[MATERIAL PROVIDED]
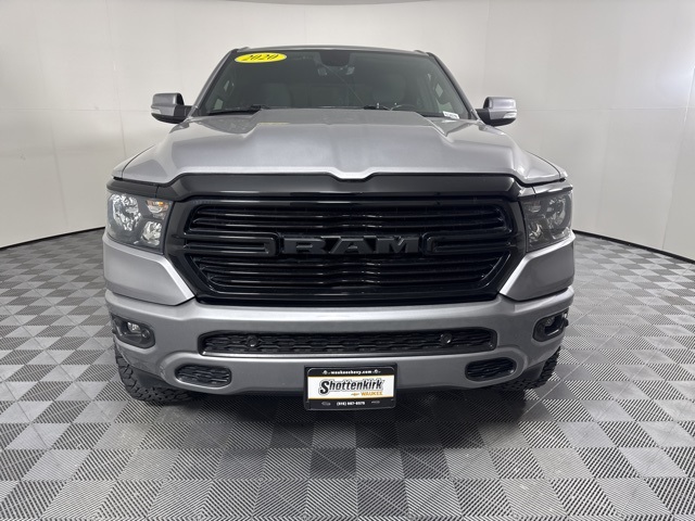 Recent Arrival! Billet Silver Metallic Clearcoat 2020 Ram 1500 Big Horn Night Edition 4D Crew Cab HEMI 5.7L V8 Multi Displacement VVT 4WD 8-Speed Automatic 115V Auxiliary Power Outlet, 115V Auxiliary Rear Power Outlet, 2 USB Full Function/Charge Only Media Hub, 2nd Row In Floor Storage Bins, 3 Rear Seat Head Restraints, 4 Way Front Headrests, 400W Inverter, ABS brakes, Air Conditioning ATC w/Dual Zone Control, Alloy wheels, Anti-Spin Differential Rear Axle, Auto-Dimming Exterior Driver Mirror, Auto-Dimming Rear-View Mirror, Big Horn IP Badge, Big Horn Level 2 Equipment Group, Black Exterior Truck Badging, Black Headlamp Bezels, Black Interior Accents, Black Premium Power Mirrors, Body Color Door Handles, Body Color Exterior Mirrors, Body Color Front Bumper, Body Color Premium Power Mirrors, Body Color Rear Bumper w/Step Pads, Bucket Seats, Class IV Receiver Hitch, Compass, Dampened Tailgate, Deluxe Cloth Bucket Seats, Dual Exhaust w/Black Tips, Electronic Stability Control, Exterior Mirrors Courtesy Lamps, Exterior Mirrors w/Memory, Foam Bottle Insert (Door Trim Panel), Front Seat Back Map Pockets, Full Length Floor Console, Glove Box Lamp, Grille Surround 1 Black Texture 2 Black, Heated door mirrors, Heated Front Seats, Heated Steering Wheel, Illuminated entry, Low tire pressure warning, Manual Adjust 4-Way Front Passenger Seat, Night Edition, ParkSense Front/Rear Park Assist w/Stop, ParkView Rear Back-Up Camera, Power 4-Way Driver Lumbar Adjust, Power 8-Way Driver Seat, Power Adjustable Pedals, Power-Folding Mirrors, Radio: Uconnect 4 w/8.4" Display, Rear 60/40 Folding Seat, Rear Dome w/On/Off Switch Lamp, Rear Power Sliding Window, Rear Window Defroster, Remote keyless entry, Security Alarm, SiriusXM Satellite Radio, Sun Visors w/Illuminated Vanity Mirrors, Traction control, Universal Garage Door Opener, Wheels: 20" x 9.0" Premium Paint/Polished. Clean CARFAX.
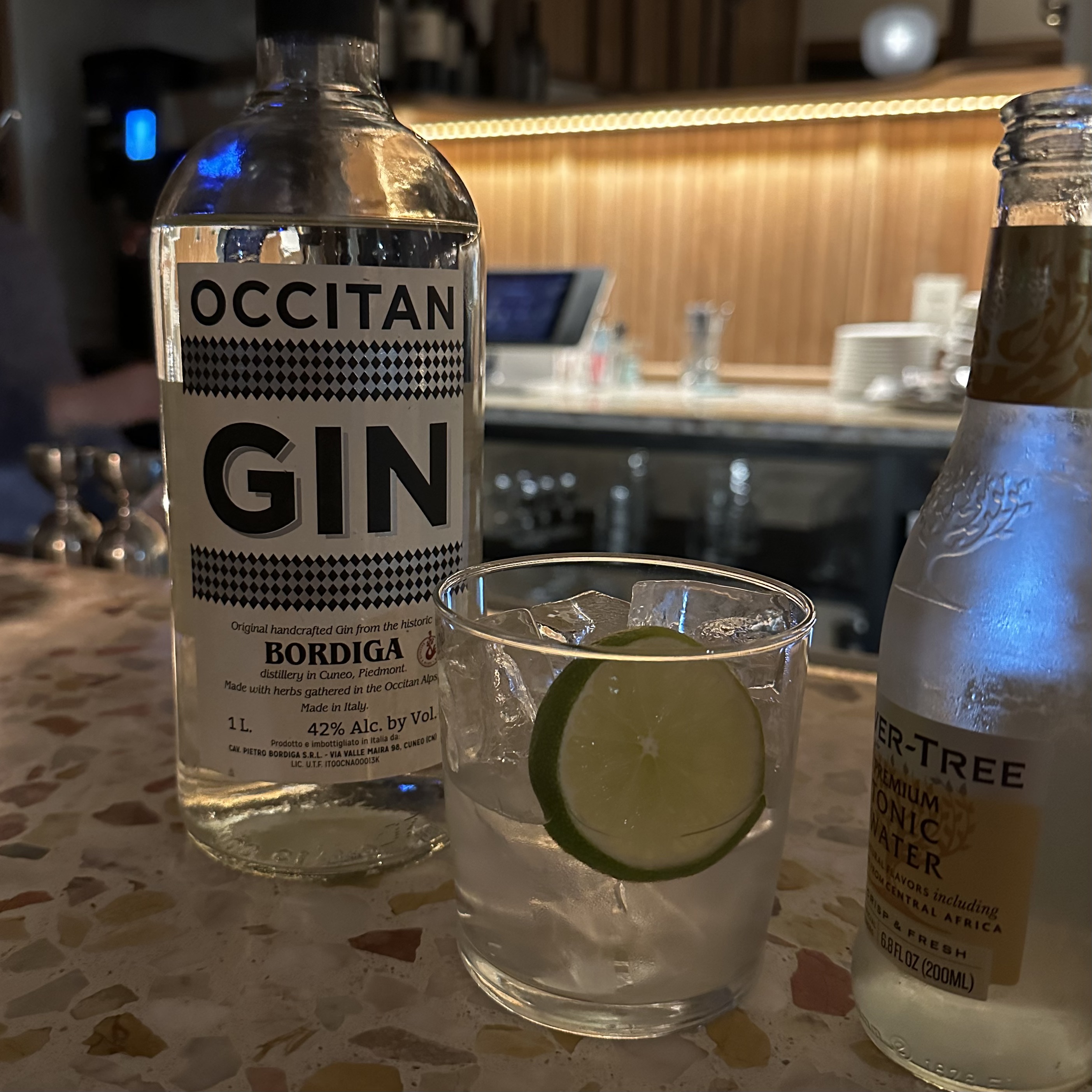 The bar is minimalist both in design and contents. There is no bottle clutter here, but carefully selected sake, wine, and spirits. Keeping with the Italian themes in the menu, Oberlin offers an gin and tonic featuring Bordiga Occitan Gin from Piedmont, Italy.
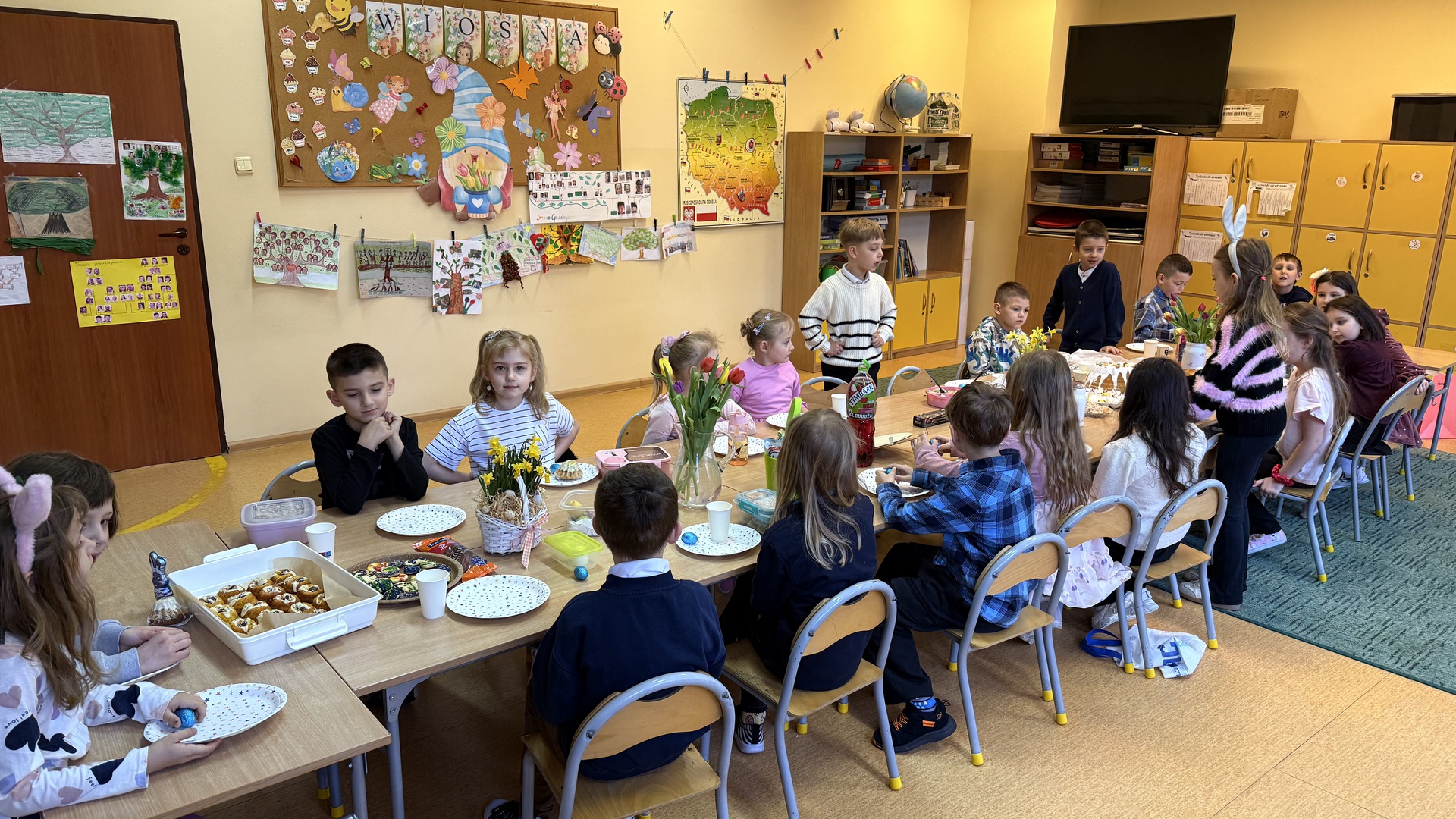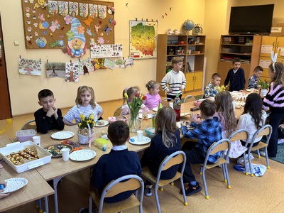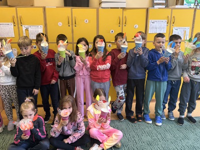 Z tej okazji dzieci sadziły rzeżuchę oraz tworzyły zabawne kurki, które okazały się nie tylko świetną zabawą, ale także doskonałym ćwiczeniem oddechowym 😊 Uczniowie oglądali również film o zwyczajach i tradycjach wielkanocnych, dzięki któremu mogli lepiej poznać znaczenie tych wyjątkowych dni.
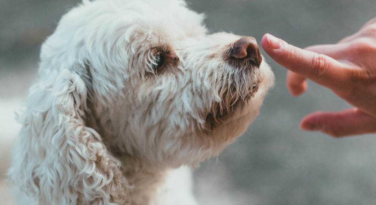Often taught as a hand target, “touch” gives dogs a clear way to engage with people and objects on cue. Vets use it to guide positioning without pulling or pushing. It also helps redirect attention during stressful moments and reinforces calm, positive contact.
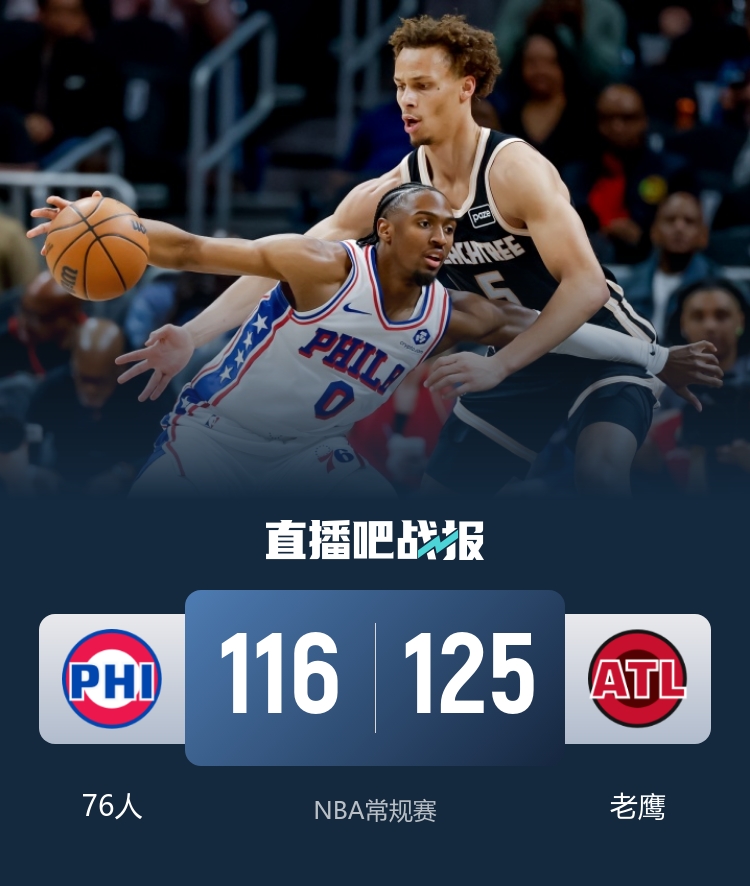 比赛开始,双方上来首发五虎都迅速进入状态展开对攻战,随后老鹰突然断电,马克西和乌布雷带队打出小高潮建立双位数领先,次节76人连续反击扩大领先,但老鹰始终能止血回应,杰伦·约翰逊和麦科勒姆联手11-1一度追到差1分,马克西三分止血,76人半场还领先7分。下半场,老鹰上来10-2小高潮反超,乌布雷和格莱姆斯接连突破止血,双方拉锯比分多次打平,三节老鹰反超3分,末节双方继续拉锯战,比分始终拉不开,老鹰连续三分8-0一度领先双位数,76人连续三分止血,但杰伦·约翰逊连续暴扣还能回应,最终老鹰125-116逆转76人。
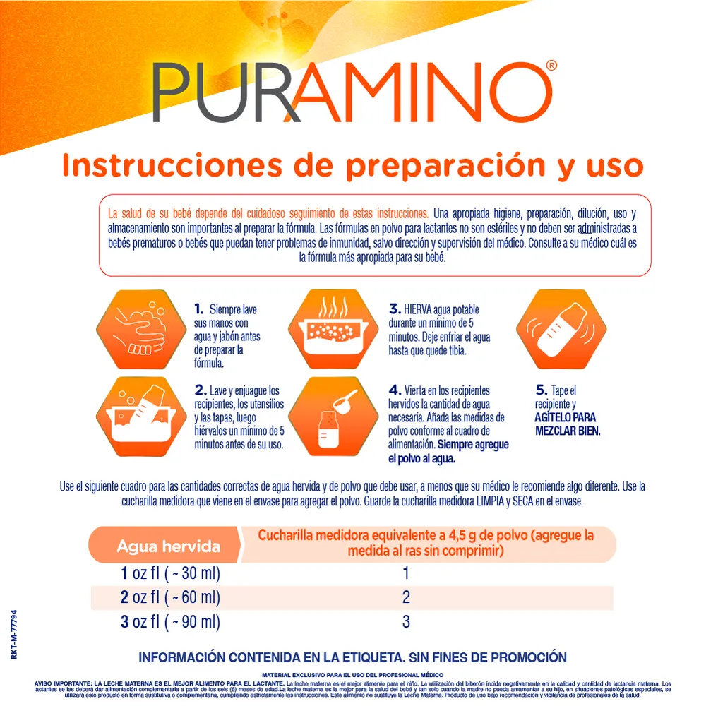 Sólidos de jarabe de maíz, aminoácidos esenciales (L -leucina, lisina, L -valina, L -isoleucina, L-treonina,L-tirosina, L -fenilalanina, L-histidina, L -cistina, L-triptófano, L -metionina), aceite de girasol alto oleico, aminoácidos no esenciales (L -aspártico, L -prolina, L -alanina, glutamato monosódico, L -serina, L-arginina,
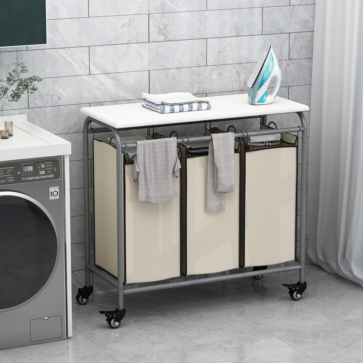 Heavy-Duty Rolling Laundry Hamper Cart with Removable Bags & Folding Board
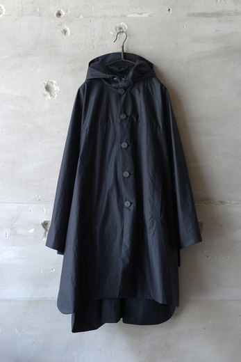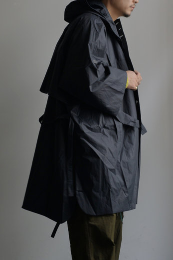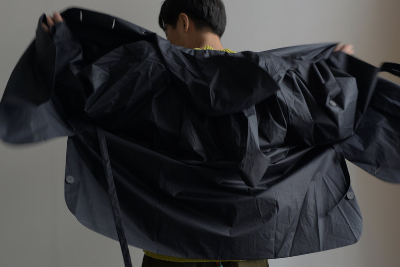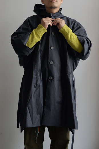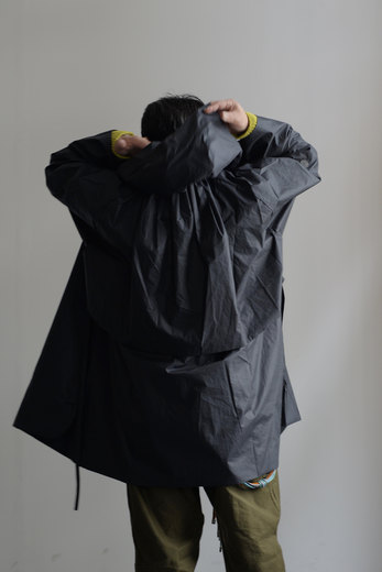 今年はもう梅雨入りをしたそうだ。早まった代わりに開けるのが早いのか、ただ長く続くのか。ジメジメするのは苦手だが雨自体はネガティブに思わない。雨をボーッと見ている事や音を聞くのも好きだ。雨の日の休みに1日家に籠るのも悪くない。でも仕事や用事で出掛ける時に雨、そんな日をどうせなら最大限に楽しむ術を考えても良いと思う。例えば雨に濡れても大丈夫なめちゃくちゃ格好良い靴を履いたり気に入っている傘を使う事。そんな些細な事でも雨の日を少しは楽しいと思えるのではないだろうか。オマールのこのコートは今が丁度良い。多少の雨なら大丈夫そうだし、暑かったら袖を折りボタンで留めて短くすれば良い。小さく畳めるので鞄にも入れられる。そして何より格好良く、気分が上がる。高密度に織られたコットンにコーティングを施しパリッとしたナイロンのようでドライタッチな質感の生地。コーティングによって重みが増し、ゆったりとした、ふっくらしたシルエットにより美しいドレープが楽しめる。すでに完成されたトレンチという物体を最大限に崩した、新しく、雑な言い方になるけれども、今っぽさが感じられファルムと生地がとても良いバランスでマッチしている、そんな印象を感じた。
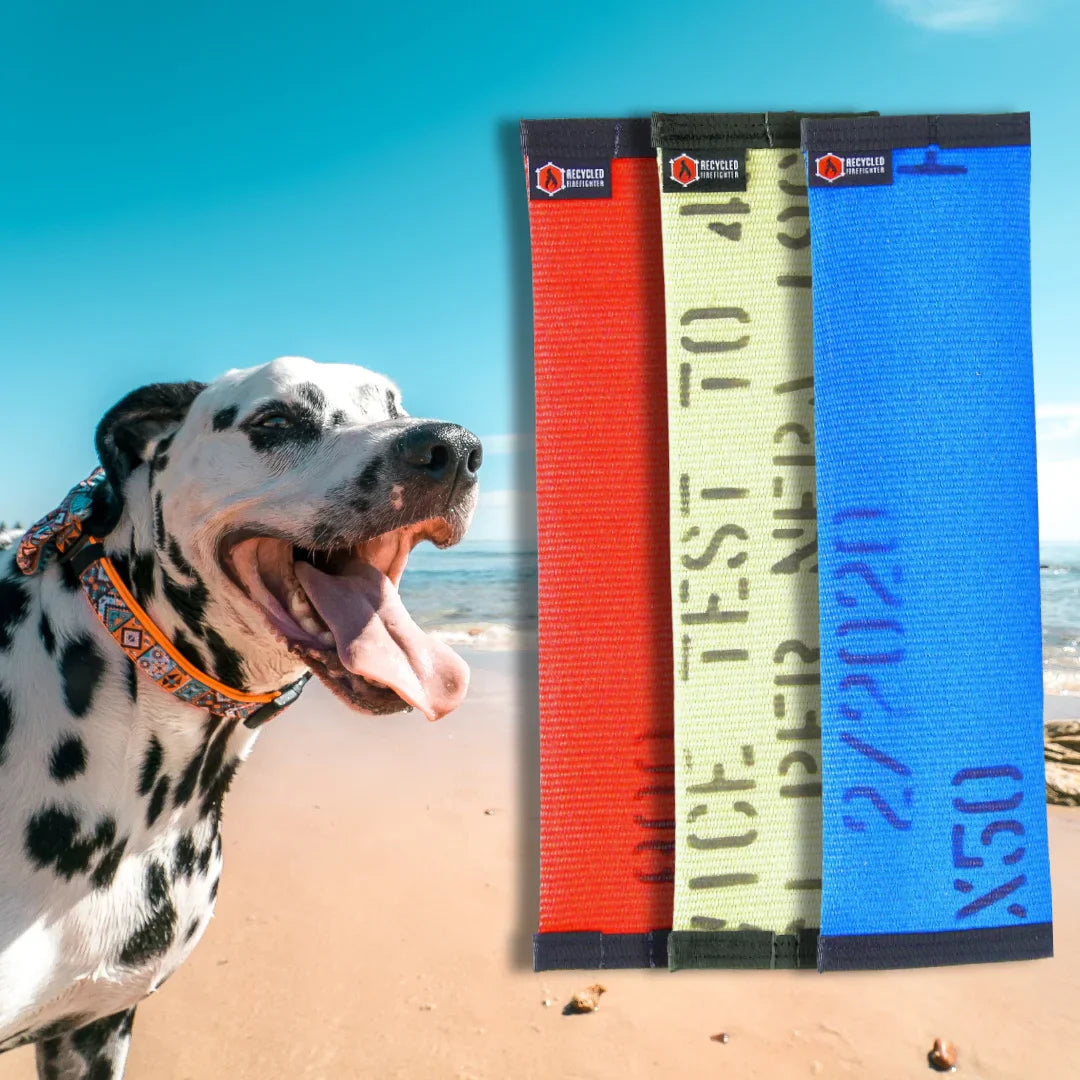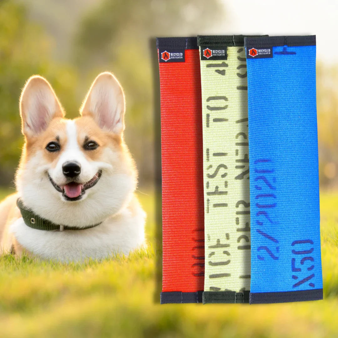 Crafted from decommissioned 1.75" polyester fire hose, these rugged dog toys are built for dogs who play hard. The hoses used are new and unused—they’ve never been through a fire. Some were taken out of commission due to minor defects like leaks, making them unsuitable for firefighting but perfect for repurposing into something your dog will love.
[/MATERIAL PROVIDED]
Beginning with the line above that contains "Heavy-Duty Rolling Laundry" and ending with the line that contains "今年はもう梅雨入りをしたそう", quote each line exactly, keeping out the pictures.

 Heavy-Duty Rolling Laundry Hamper Cart with Removable Bags & Folding Board
 今年はもう梅雨入りをしたそうだ。早まった代わりに開けるのが早いのか、ただ長く続くのか。ジメジメするのは苦手だが雨自体はネガティブに思わない。雨をボーッと見ている事や音を聞くのも好きだ。雨の日の休みに1日家に籠るのも悪くない。でも仕事や用事で出掛ける時に雨、そんな日をどうせなら最大限に楽しむ術を考えても良いと思う。例えば雨に濡れても大丈夫なめちゃくちゃ格好良い靴を履いたり気に入っている傘を使う事。そんな些細な事でも雨の日を少しは楽しいと思えるのではないだろうか。オマールのこのコートは今が丁度良い。多少の雨なら大丈夫そうだし、暑かったら袖を折りボタンで留めて短くすれば良い。小さく畳めるので鞄にも入れられる。そして何より格好良く、気分が上がる。高密度に織られたコットンにコーティングを施しパリッとしたナイロンのようでドライタッチな質感の生地。コーティングによって重みが増し、ゆったりとした、ふっくらしたシルエットにより美しいドレープが楽しめる。すでに完成されたトレンチという物体を最大限に崩した、新しく、雑な言い方になるけれども、今っぽさが感じられファルムと生地がとても良いバランスでマッチしている、そんな印象を感じた。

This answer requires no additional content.